INFORMATION PROVIDED:
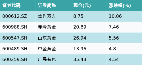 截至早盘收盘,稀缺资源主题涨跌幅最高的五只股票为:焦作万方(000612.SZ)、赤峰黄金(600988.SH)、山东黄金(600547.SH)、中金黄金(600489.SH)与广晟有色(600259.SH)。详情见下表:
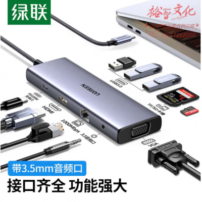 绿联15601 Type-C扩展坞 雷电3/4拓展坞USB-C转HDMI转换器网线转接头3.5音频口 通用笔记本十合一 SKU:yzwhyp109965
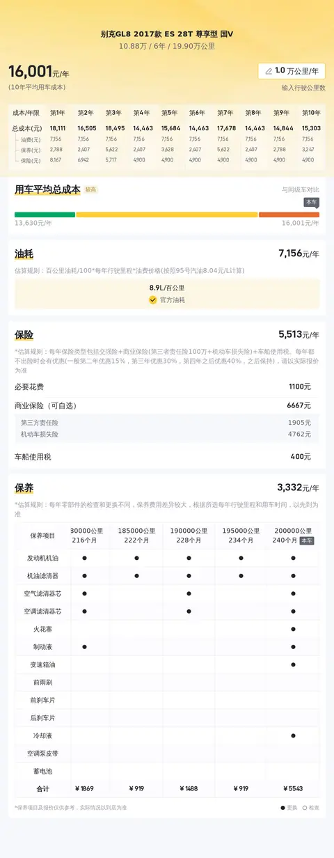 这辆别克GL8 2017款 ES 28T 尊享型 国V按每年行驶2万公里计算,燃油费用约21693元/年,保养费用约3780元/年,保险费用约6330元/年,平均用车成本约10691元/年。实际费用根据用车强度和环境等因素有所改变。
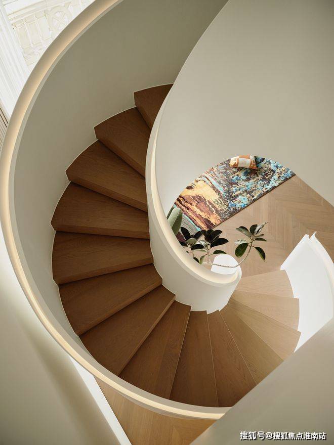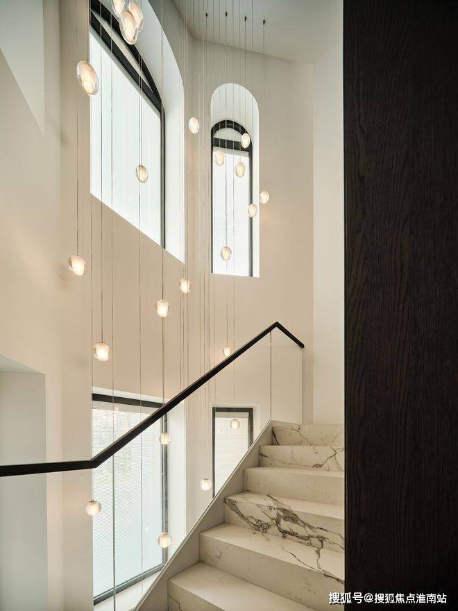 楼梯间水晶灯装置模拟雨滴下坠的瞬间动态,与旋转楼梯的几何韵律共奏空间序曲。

PROMPT:
In the listing above, find the line containing "这辆别克GL8 2017款 ES" and restate it and every later line verbatim, with the pictures left out.

YOUR SOLUTION:
 这辆别克GL8 2017款 ES 28T 尊享型 国V按每年行驶2万公里计算,燃油费用约21693元/年,保养费用约3780元/年,保险费用约6330元/年,平均用车成本约10691元/年。实际费用根据用车强度和环境等因素有所改变。
 楼梯间水晶灯装置模拟雨滴下坠的瞬间动态,与旋转楼梯的几何韵律共奏空间序曲。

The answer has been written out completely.